Nel rapporto Sorveglianza territoriale e tutela della salute pubblica, redatto dal Gruppo di Lavoro Bioetica COVID-19, si legge che «in situazioni emergenziali, le misure di controllo poste in essere per la tutela della salute pubblica possono imporre restrizioni al singolo individuo, tracciando nuovi e temporanei confini alla sua libertà».

Diritto Mercato Tecnologia ha approfondito la questione con Giusella Finocchiaro, professoressa di Diritto di internet e di Diritto privato nell’Università di Bologna, e con Filippo Vari, professore di Diritto costituzionale all’Università Europea di Roma.

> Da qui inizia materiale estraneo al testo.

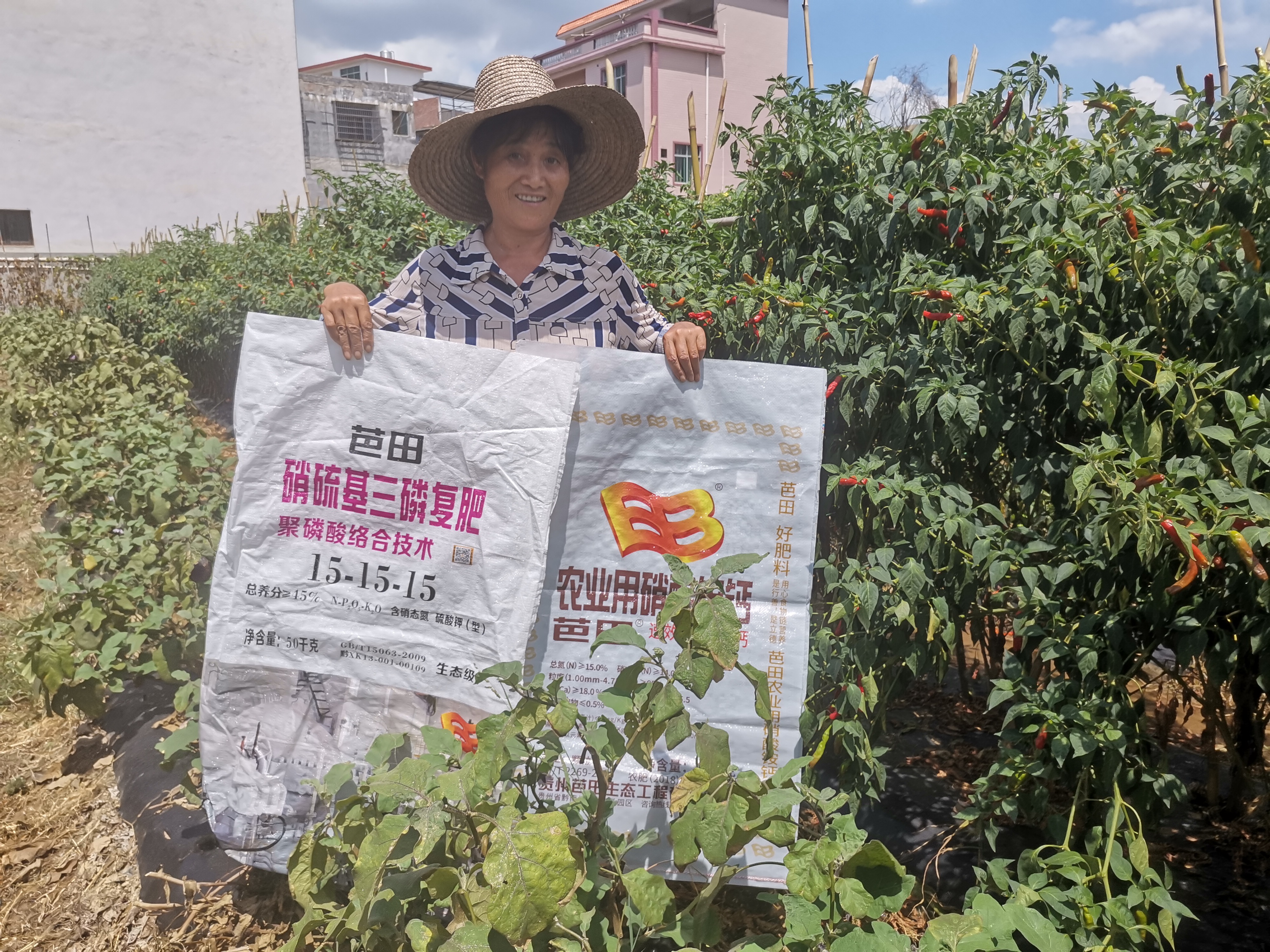 “今年的辣椒长势非常好,你看,这两行辣椒树的个头比我还高,结出的辣椒个头大,色泽好,卖相佳,拉到集市上后,优先卖完,还能卖个好价钱;产量方面,较之以往用别的肥,每亩增产500斤以上,每两天就能采摘一次。多亏了今年选用的芭田套餐肥,这个肥料真行。”辣椒收成好,钟阿姨盛赞芭田套餐肥,愿为芭田代言。

Il rapporto sottolinea che «nell’implementazione dei singoli interventi è necessario che sia sempre garantito un adeguato bilanciamento tra l’efficacia epidemiologica e il rispetto dei diritti fondamentali delle persone». Che cosa si intende per «adeguato bilanciamento» e come è possibile garantirlo?

G.F.: Il bilanciamento è al cuore del Regolamento europeo.

Per “bilanciamento” si intende la ricerca di un equilibrio fra diritti che sono astrattamente parimenti applicabili e meritevoli di protezione.

Il bilanciamento è prospettato sin dal titolo del Regolamento (UE) 2016/679 (“GDPR”) che coniuga la protezione delle persone fisiche con riguardo al trattamento dei dati personali e la libera circolazione di questi ultimi.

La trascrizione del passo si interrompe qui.